## Collected data
================
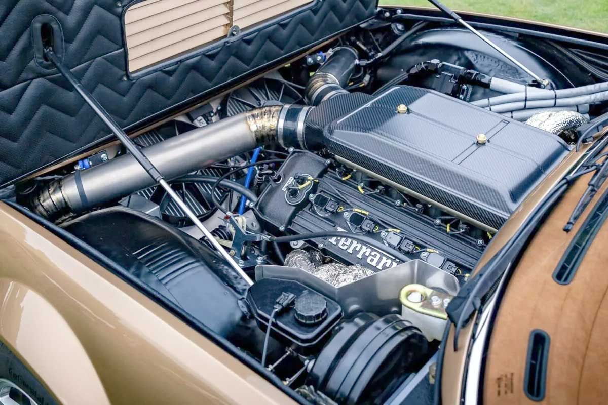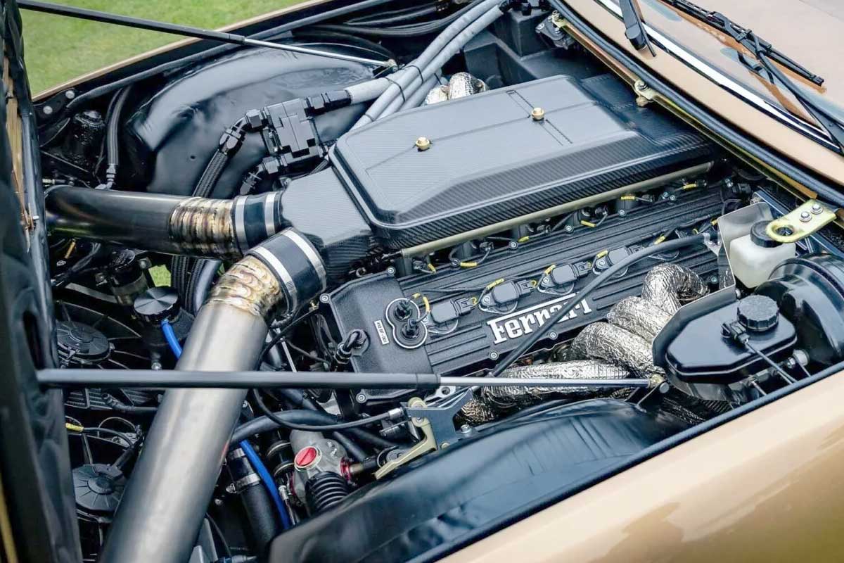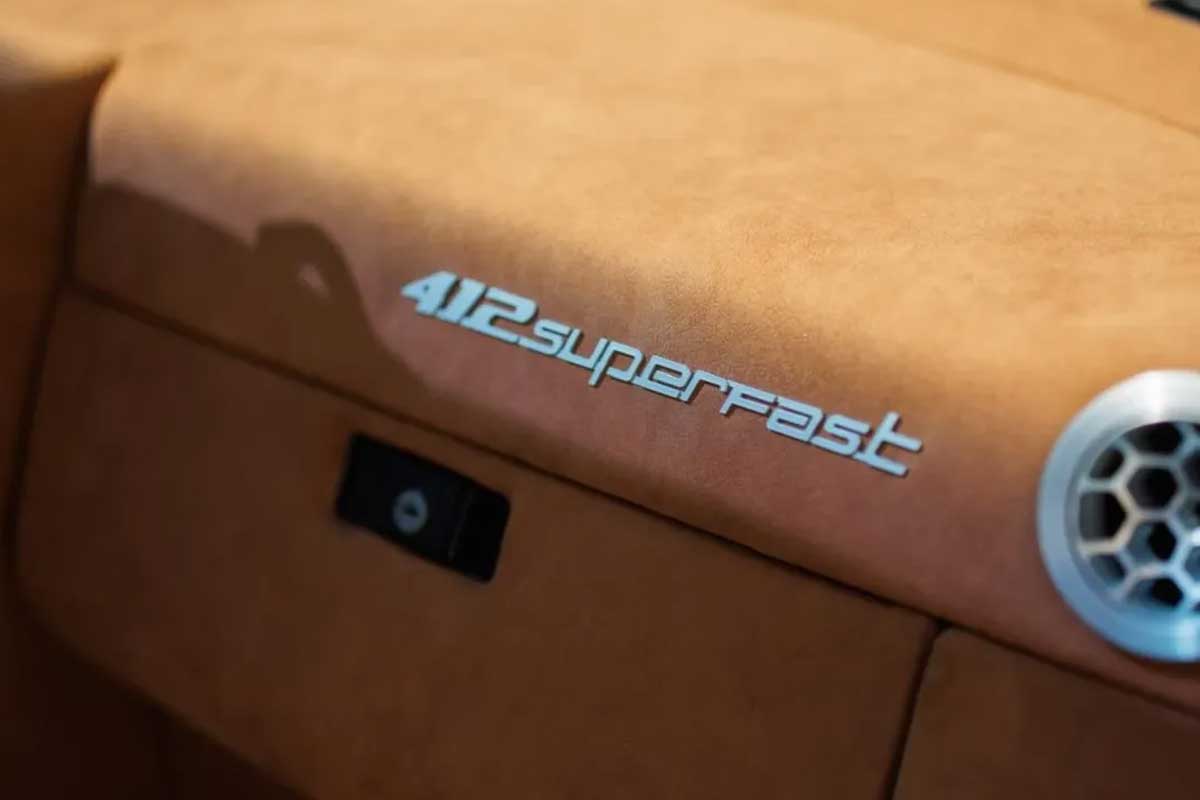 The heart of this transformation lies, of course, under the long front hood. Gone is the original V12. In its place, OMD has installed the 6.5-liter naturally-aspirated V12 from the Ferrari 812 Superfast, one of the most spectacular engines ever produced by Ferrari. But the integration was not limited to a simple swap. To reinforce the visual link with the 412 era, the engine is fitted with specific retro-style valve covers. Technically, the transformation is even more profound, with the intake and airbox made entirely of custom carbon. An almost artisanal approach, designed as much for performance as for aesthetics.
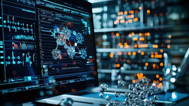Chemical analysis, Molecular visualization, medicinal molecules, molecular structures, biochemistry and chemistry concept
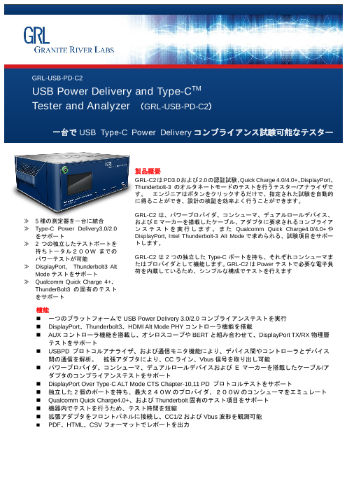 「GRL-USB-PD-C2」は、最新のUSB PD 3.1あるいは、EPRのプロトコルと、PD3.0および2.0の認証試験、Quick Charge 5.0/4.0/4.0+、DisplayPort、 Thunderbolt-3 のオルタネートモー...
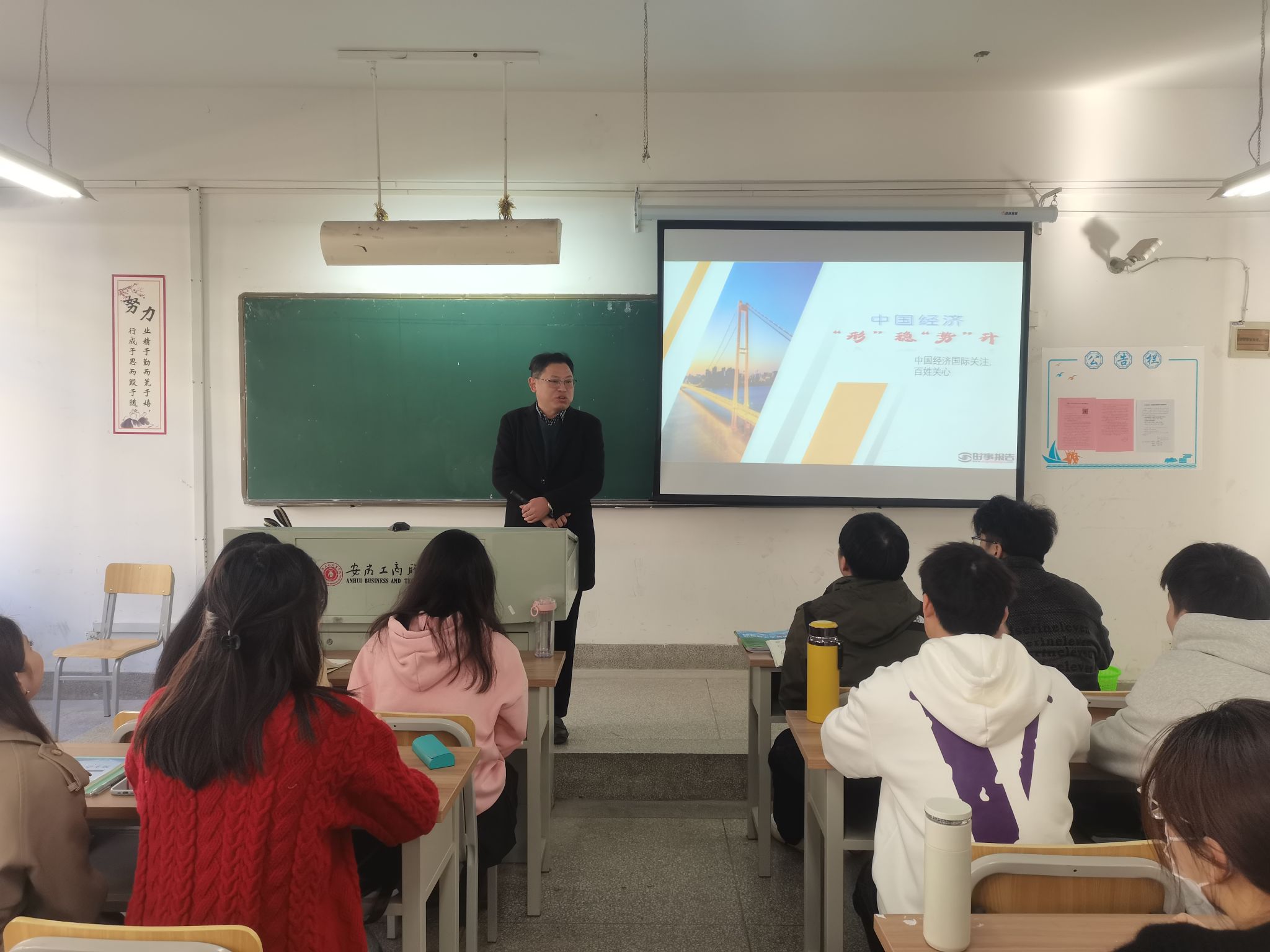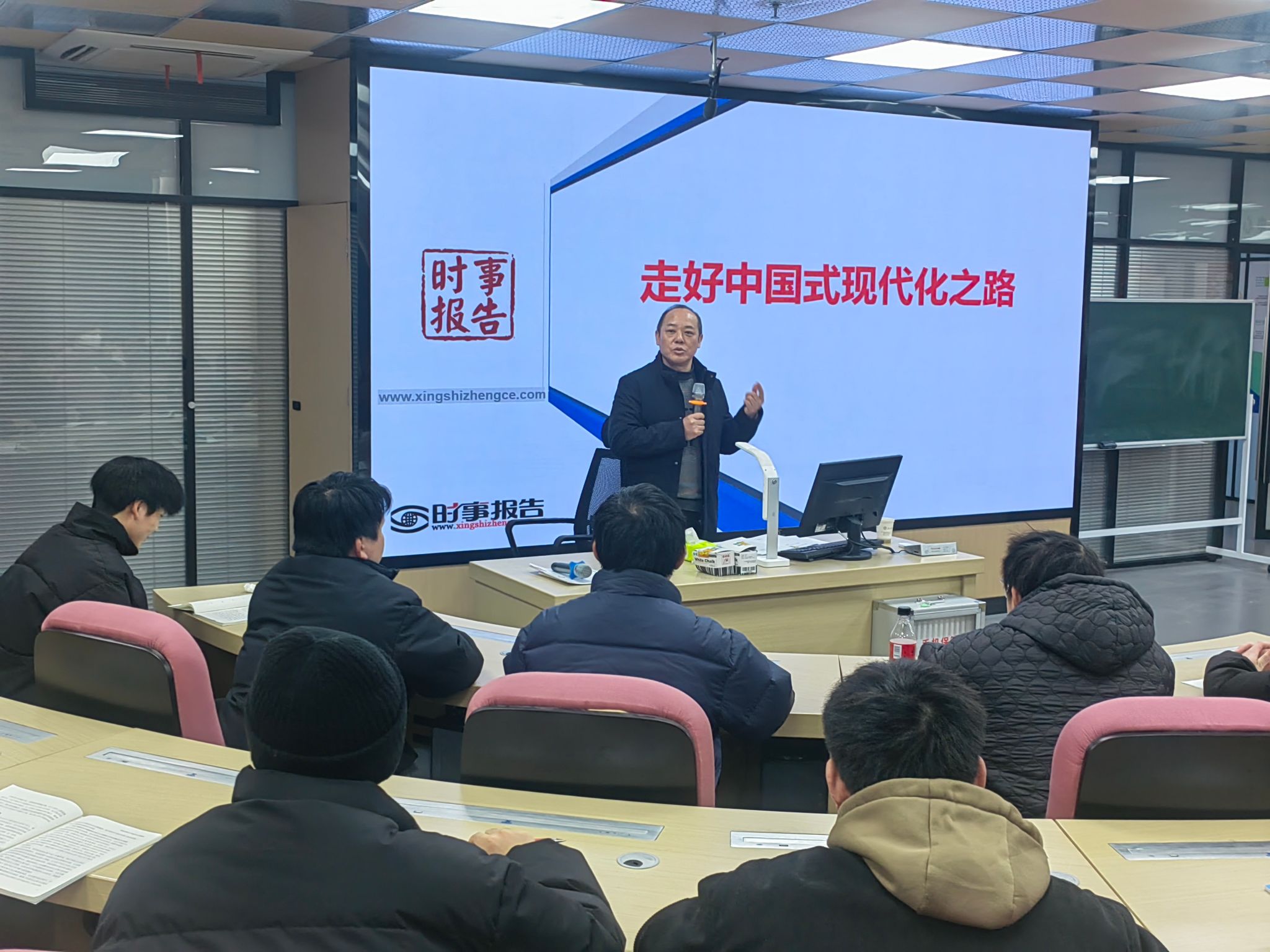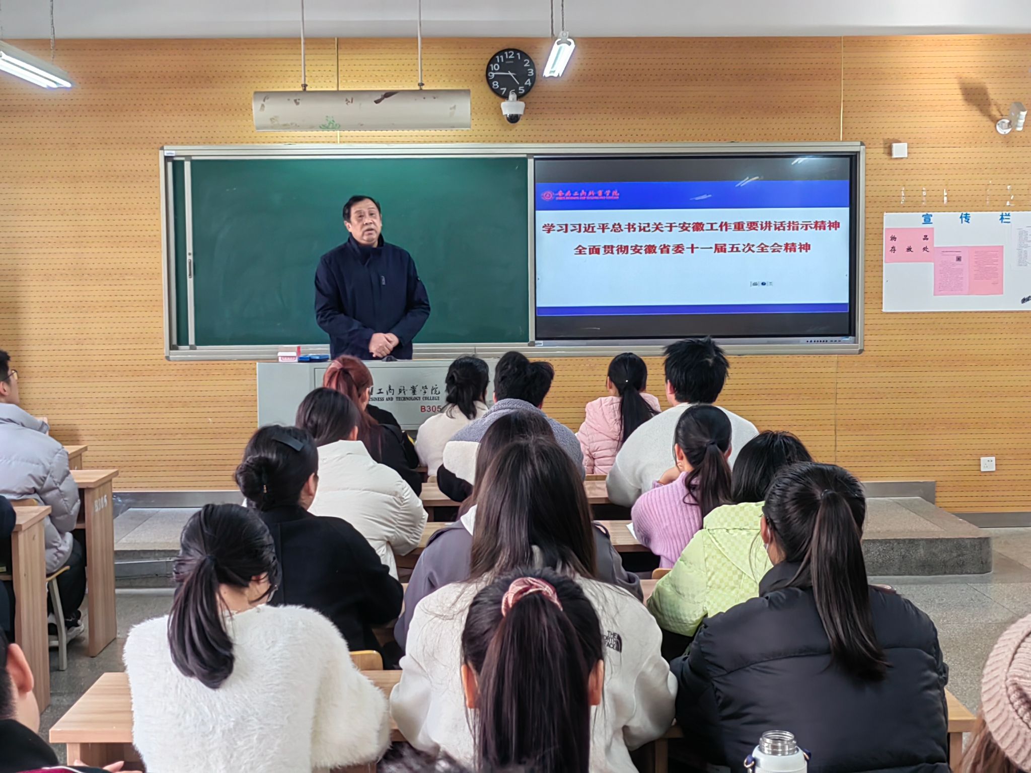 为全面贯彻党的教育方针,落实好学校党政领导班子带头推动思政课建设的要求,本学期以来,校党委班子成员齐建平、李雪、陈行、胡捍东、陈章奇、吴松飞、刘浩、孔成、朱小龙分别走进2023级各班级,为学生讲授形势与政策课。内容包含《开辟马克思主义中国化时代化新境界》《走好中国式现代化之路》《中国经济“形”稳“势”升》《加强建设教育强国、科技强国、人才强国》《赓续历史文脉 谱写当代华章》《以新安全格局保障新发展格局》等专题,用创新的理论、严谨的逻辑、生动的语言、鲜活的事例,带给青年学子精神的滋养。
================
## Work required
Everything in the listing must be restated word for word, except for the pictures.

## Response
 The heart of this transformation lies, of course, under the long front hood. Gone is the original V12. In its place, OMD has installed the 6.5-liter naturally-aspirated V12 from the Ferrari 812 Superfast, one of the most spectacular engines ever produced by Ferrari. But the integration was not limited to a simple swap. To reinforce the visual link with the 412 era, the engine is fitted with specific retro-style valve covers. Technically, the transformation is even more profound, with the intake and airbox made entirely of custom carbon. An almost artisanal approach, designed as much for performance as for aesthetics.
Chemical analysis, Molecular visualization, medicinal molecules, molecular structures, biochemistry and chemistry concept
 「GRL-USB-PD-C2」は、最新のUSB PD 3.1あるいは、EPRのプロトコルと、PD3.0および2.0の認証試験、Quick Charge 5.0/4.0/4.0+、DisplayPort、 Thunderbolt-3 のオルタネートモー...
 为全面贯彻党的教育方针,落实好学校党政领导班子带头推动思政课建设的要求,本学期以来,校党委班子成员齐建平、李雪、陈行、胡捍东、陈章奇、吴松飞、刘浩、孔成、朱小龙分别走进2023级各班级,为学生讲授形势与政策课。内容包含《开辟马克思主义中国化时代化新境界》《走好中国式现代化之路》《中国经济“形”稳“势”升》《加强建设教育强国、科技强国、人才强国》《赓续历史文脉 谱写当代华章》《以新安全格局保障新发展格局》等专题,用创新的理论、严谨的逻辑、生动的语言、鲜活的事例,带给青年学子精神的滋养。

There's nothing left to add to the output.